Excerpts from a dataset

####

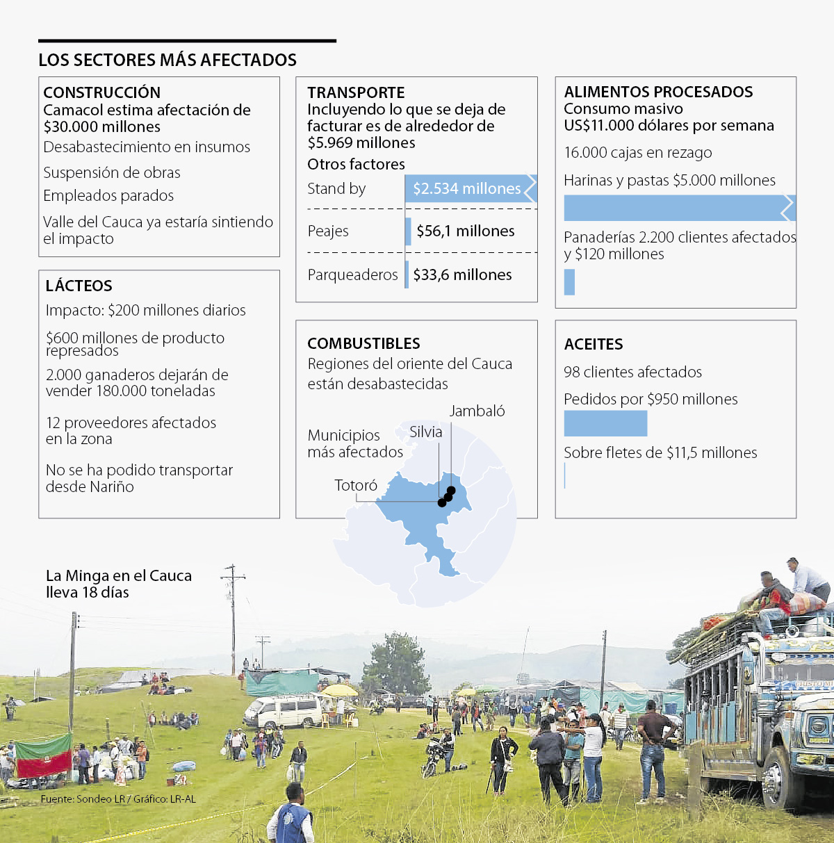 Tras 18 días de la minga indígena, varios sectores económicos ya empezaron a sentir los estragos de los bloqueos que se han presentado en el departamento del Cauca y Huila, los cuales podrían estar por encima de los $40.000 millones, según cálculos elaborados a partir de reportes empresariales.
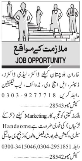 Lady Doctor And Marketing Staff Jobs In Karachi
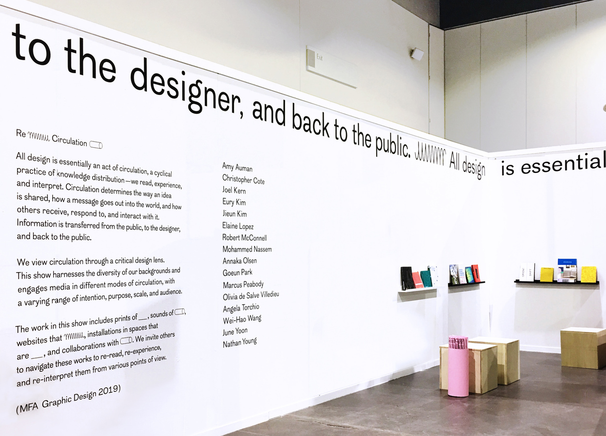 Exhibition of the class of 2019 MFA Graphic Design candidates. This show harnesses the diversity of our backgrounds and engages media in different modes of circulation, with a varying range of intention, purpose, scale, and audience.
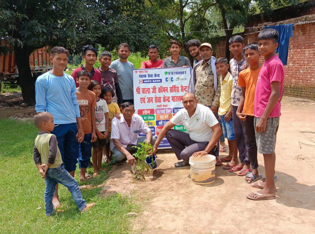 सीएससी संचालक भूपेंद्र सिंह भारती ने पौधरोपण कर ग्रामीणों को मिठाई वितरित की।
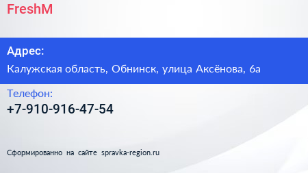 FreshM по адресу Калужская область, Обнинск, улица Аксёнова, 6а в дальнейшем Организация, размещена в следующих категориях:
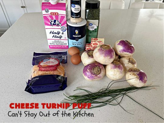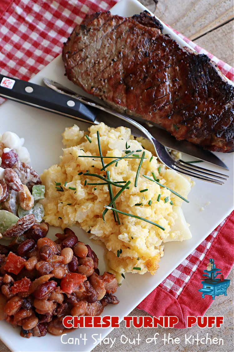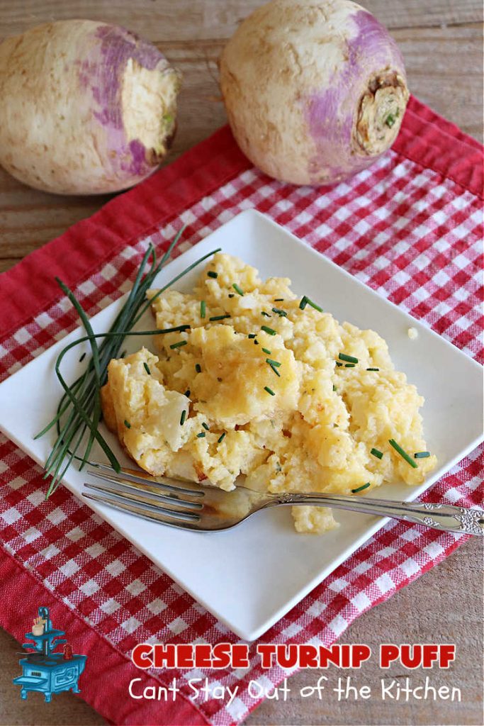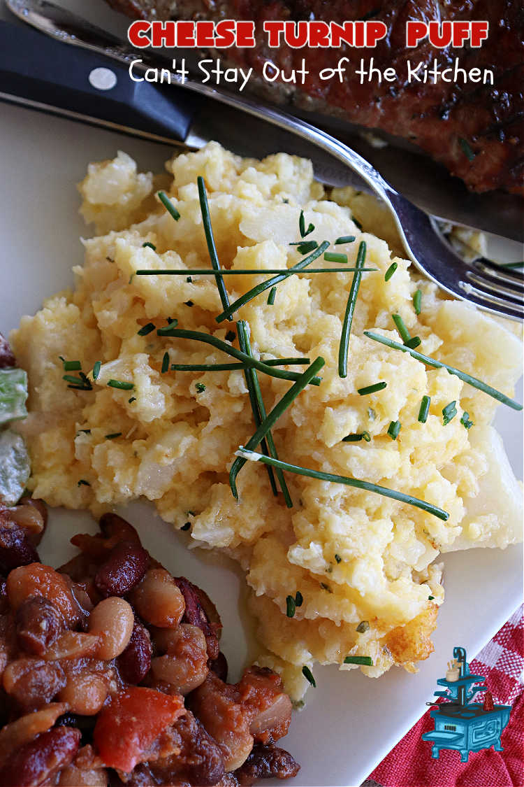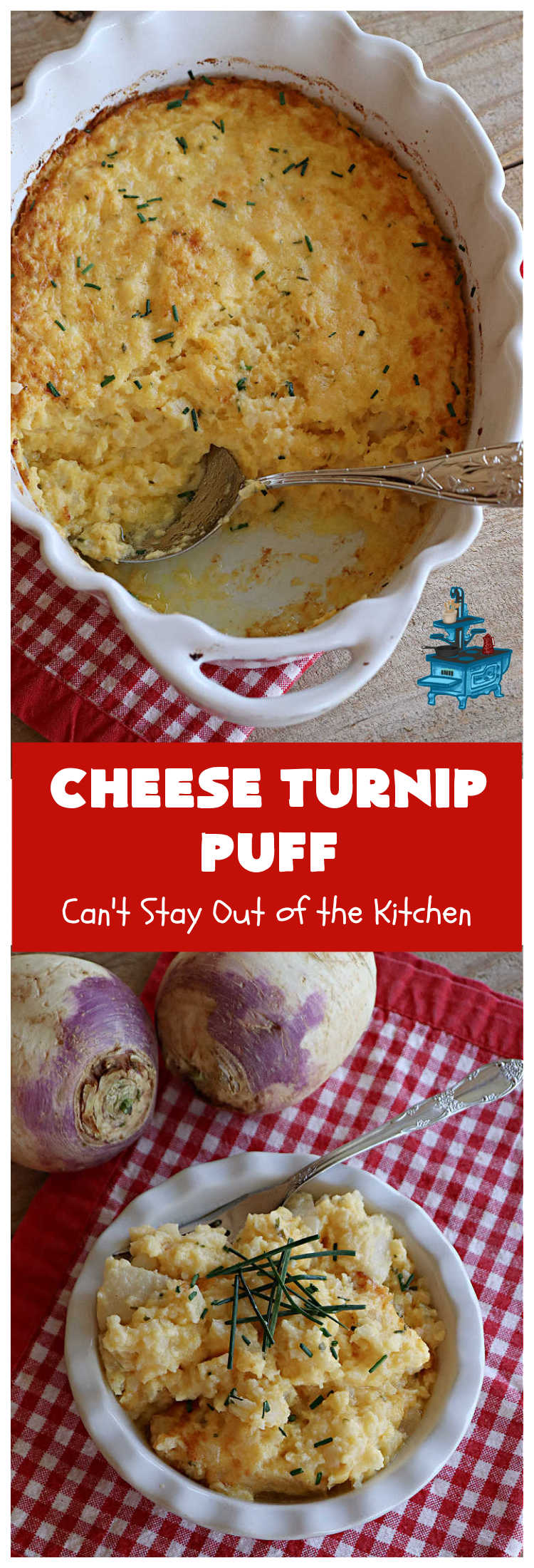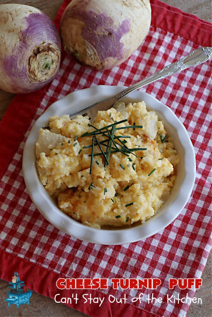 I served Cheese Turnip Puff with a steak, Partytime Beans and Nutty Apple Salad when I made it. It was terrific with all of those well-seasoned foods. I am determined to find ways to enjoy this cruciferous vegetable and hope you enjoy some of my suggestions.
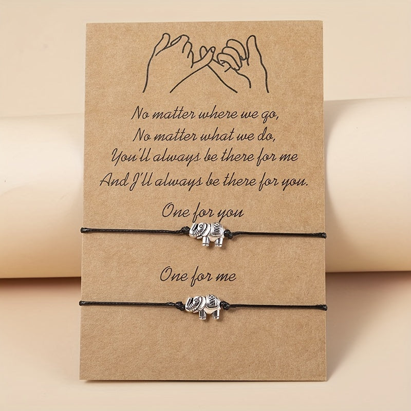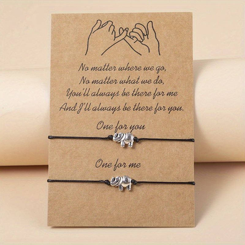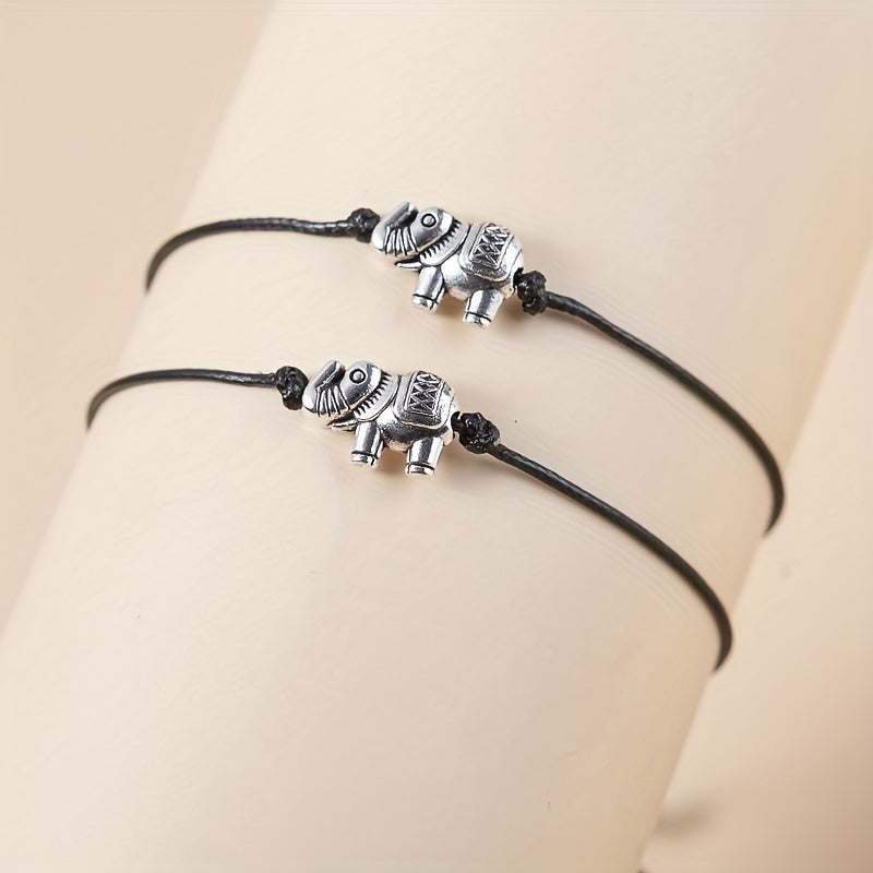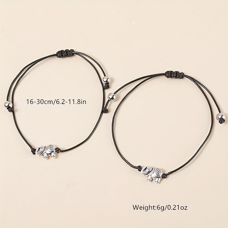 Add a touch of style to your daily wear with this elegant elephant string bracelet set. Perfect for women and girls, this 2-piece hand jewelry decor is a must-have accessory.
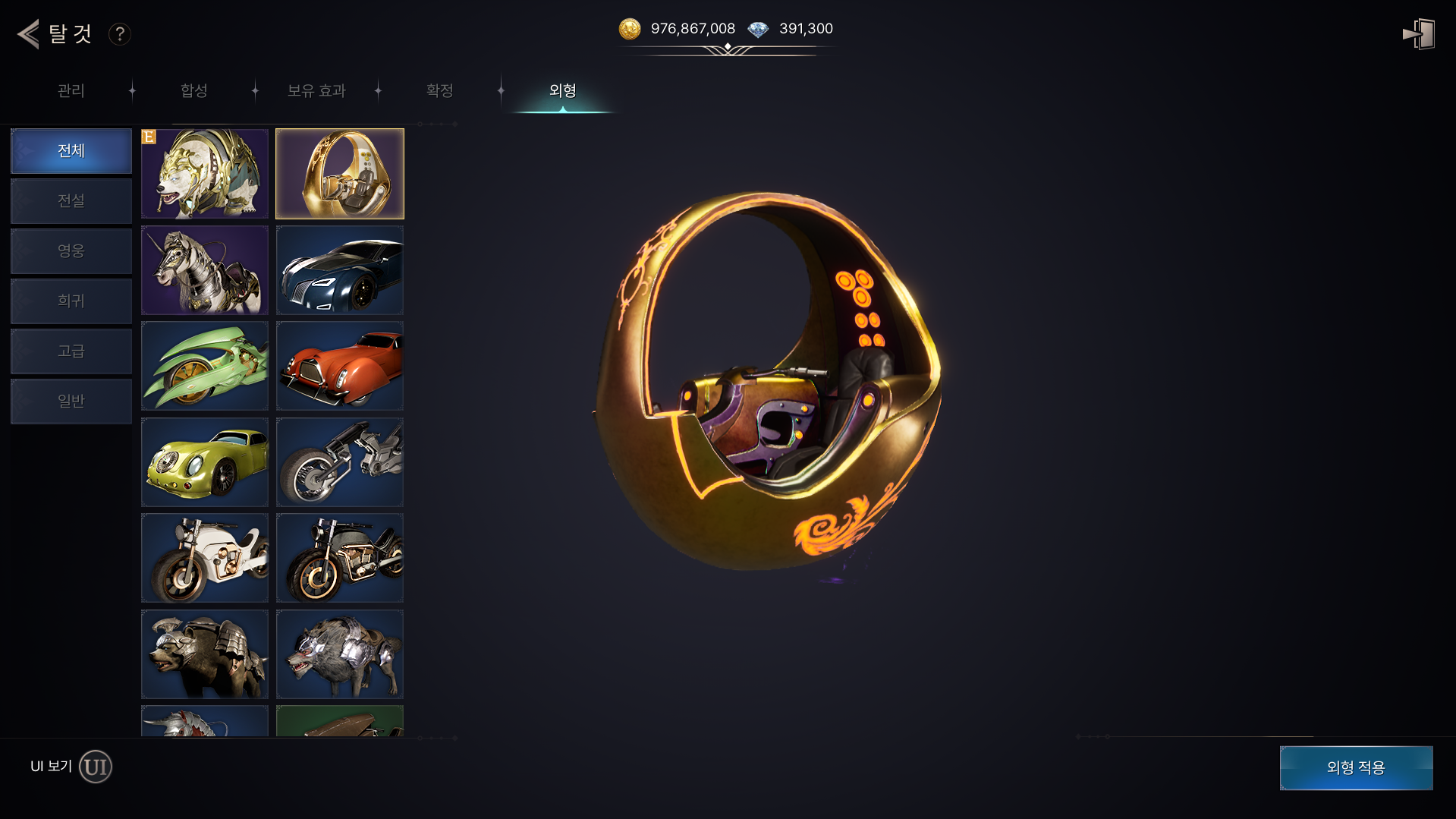 - 실제 장착 중인 탈것과 별개로 외형을 자유롭게 적용할 수 있습니다.

####

> _Exercise goal_:
From the line containing "Add a touch" down to the last line of the entries above, retype each line exactly as it stands, but skip the pictures.

> _Response_:
 Add a touch of style to your daily wear with this elegant elephant string bracelet set. Perfect for women and girls, this 2-piece hand jewelry decor is a must-have accessory.
 - 실제 장착 중인 탈것과 별개로 외형을 자유롭게 적용할 수 있습니다.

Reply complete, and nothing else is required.